Effects of Propofol Intravenous Anesthesia on Serum NGF, S100B Protein, and Immune Function in Patients with Bladder Cancer after Resection

Abstract

Objective

To explore the efficacy of intravenous propofol anesthesia on patients with bladder cancer after resection, as well as its effect on cognitive and immune function.

Methods

Patients with bladder cancer and received resection of bladder cancer at our hospital from May 1, 2019, to November 30, 2021, were retrospectively retrieved and included in this study. The included patients were summarized into group A (isoflurane) and group B (intravenous propofol). The anesthesia intervention effect, serum NGF level, serum S100B protein level, and immune function before surgery, 6 h after surgery, 1 d after surgery, and 3 d after surgery were compared between the two groups.

Results

Eighty-six patients were retrieved. The anesthesia intervention effective rate of patients in group B was significantly higher than that of patients in group A (P < 0.01). The serum NGF and S100B of patients in both groups were significantly lower on postsurgical day 1, but in the trend to returning to those before intervention level on day 3. There were also fluctuations in immune function represented by changes in CD3+, CD4+, CD8+, and CD4+/CD8+ T cells, which showed return of function by postsurgical day 3.

Conclusion

The anesthetic effect of intravenous propofol in patients with bladder cancer resection is significantly more satisfactory than isoflurane, with a transient effect on serum NGF and S100B protein levels and patients' immune function, which suggests that intravenous propofol can be widely used for general anesthesia in clinical practice.

1. Introduction

Propofol and other intravenous (IV) sedative-hypnotic medications are commonly used for general anesthesia. Some studies have shown that anesthesia medications can cause postoperative cognitive dysfunction and immune dysfunction in old patients, which will seriously affect the quality of life of patients after surgery [1]. Patients with bladder cancer are diagnosed at an average of 73 years old, which is a typical group of aged population [2]. The influence of different anesthesia regimens on the cognitive function and immune function of patients with bladder cancer resection is still concerned by clinicians around the world [3].

Some studies have shown that both serum NGF and S100B protein are key markers for evaluating whether patients' postoperative cognitive function is impaired or not [4, 5]. It was found that propofol has a rapid onset of anesthesia effect, few adverse effects, and also a minor impact on the cognitive function of patients [6, 7]. Therefore, we analyzed the anesthesia effect of propofol, its impact on serum NGF, S100B protein levels, and immune functions in patients who received bladder cancer surgery.

2. Materials and Methods

Patients with bladder cancer undergoing resection of bladder cancer who were treated at our hospital from May 1, 2019, to November 30, 2021, were included in this study. Patients in group A received isoflurane during the resection, while patients in group B received intravenous anesthesia with propofol. This study was approved by the institutional ethical committee of our hospital. All the included patients and their families were informed about the study and actively signed the consent form.

Inclusion criteria are as follows: (1) all the included patients met the corresponding criteria for bladder cancer resection [8], (2) aged between 18 and 85 years, and (3) the clinical data of all included patients were complete.

Exclusion criteria were as follows [9]: (1) patients had a history of allergy to the anesthetic drugs in this treatment plan, (2) patients had severe organ dysfunction, and (3) patients had severe respiratory diseases.
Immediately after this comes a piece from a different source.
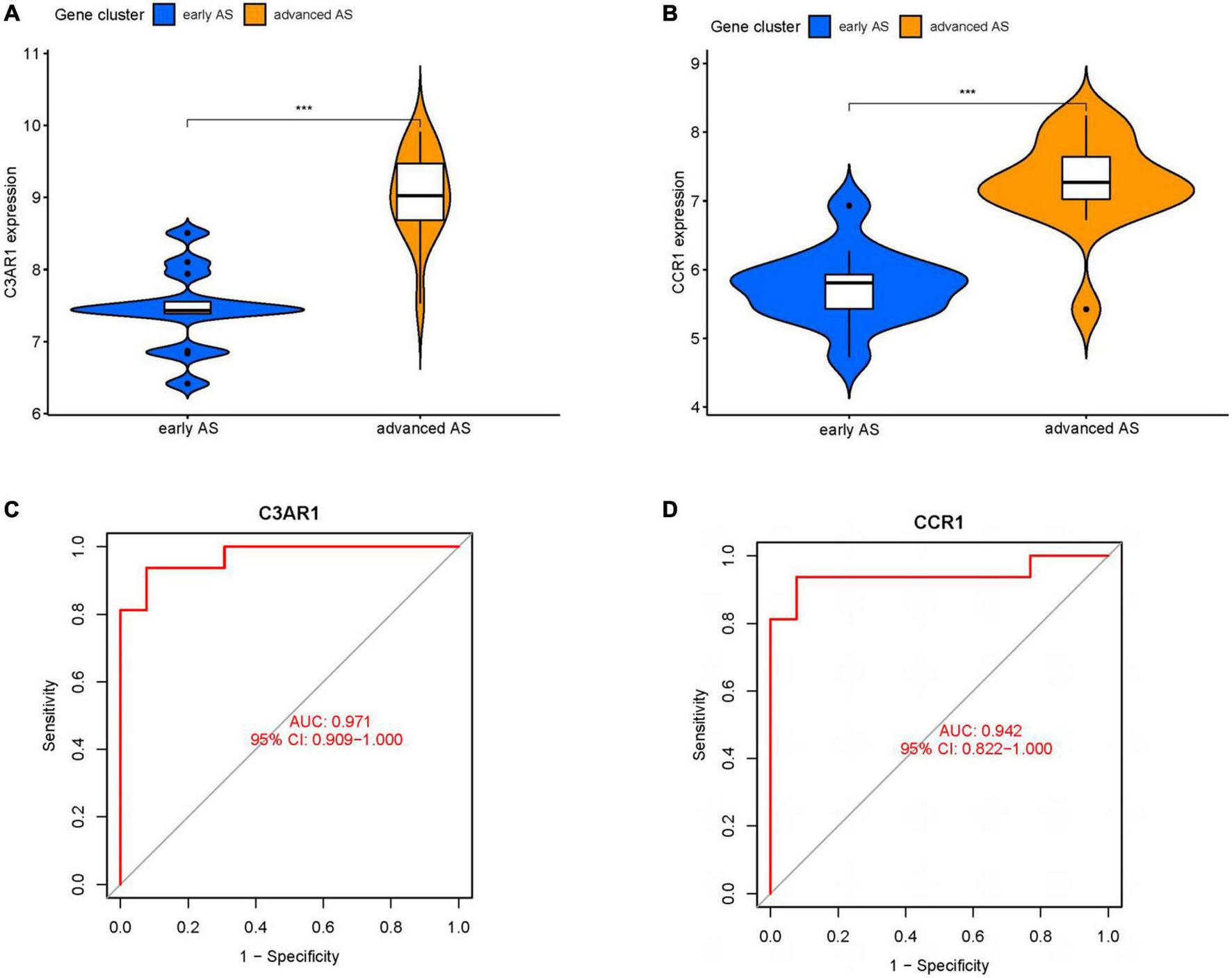 Key gene analysis. (A) Violin plot of expression difference of C3AR1 in early and advanced AS. (B) Violin plot of expression difference of CCR1 in early and advanced AS. (C) ROC curve of C3AR1 distinguishing early and advanced AS. (D) ROC curve of CCR1 distinguishing early and advanced AS. (**P < 0.01, ***P < 0.001).

First, the patient was given an intramuscular infusion of atropine (Tianjin Jinyao Pharmaceutical Co., Ltd., H12020384) 0.5 mg before surgery. Secondly, the clinical signs of the patient were monitored immediately after entering the operating room, and 0.04 mg/kg midazolam (Yichang Renfu Pharmaceutical Co., Ltd., approved by H20065729) and 0.4 μg/kg fentanyl (Jiangsu Enhua Pharmaceutical Group Co., Ltd., National Medicine Zhunzi H19990027) were given for anesthesia induction, and then, tracheal intubation was performed to assist ventilation. Then, patients in group A were given 1%-3% isoflurane (Shanghai Hengrui Pharmaceutical Co., Ltd., approved by H20070172) by inhalation to maintain anesthesia, while patients in group B were given 4 mg/kg/h propofol (Xi'an Libang Pharmaceutical Co., Ltd., Chinese Medicine Zhunzi H19990282) intravenous infusion to maintain anesthesia. Finally, vecuronium bromide (Hubei Keyi Pharmaceutical Co., Ltd., H20084581) and fentanyl were intermittently administered to maintain anesthesia during the operation, and the infusion was terminated 30 minutes before the completion of the operation. Before and after the intervention, 5 ml of venous whole blood was collected from all of the included patients in the fasting state in the morning for various experiments, which was aliquoted and either used freshly or placed in a -80°C refrigerator for later use.

2.1. Evaluation of the Effect of Anesthesia Intervention

Remarkable effect: the patient's anesthesia induction state was stable, the depth of anesthesia maintenance was reasonable, and the state was stable during recovery. Normal effect: the patient's anesthesia induction state was relatively stable, the depth of anesthesia maintenance was reasonable, and mild agitation occurred during recovery. Poor effect: the patient's state of anesthesia induction was unstable, the depth of anesthesia maintenance was unreasonable, and severe agitation occurred during recovery. The total intervention effective rate = (significant + general)/total number of cases × 100% [10, 11]. The American Society of Anesthesiologists (ASA) physical status classification system was used to evaluate the physical status of enrolled patients [12].

2.2. Detection of Serum NGF Levels

The serum nerve growth factor (NGF) levels of all included patients were detected before surgery, 6 h, 1 d, and 3 d after surgery by enzyme-linked immunosorbent assay (ELISA). The kit was purchased from Shanghai Kanu Biotechnology Co., Ltd. and operated in strict accordance with the instructions to control the intrabatch variation < 10% and the interbatch variation < 15% [13].

2.3. Detection of Serum S100B Protein Level

The serum S100B protein levels of all included patients were checked before the operation, 6 h, 1 d, and 3 d after operation by (ELISA). The kit was purchased from Shanghai Kanu Biotechnology Co., Ltd. and operated in strict accordance with the instructions to control intrabatch variation < 10% and interbatch variation < 15% [14].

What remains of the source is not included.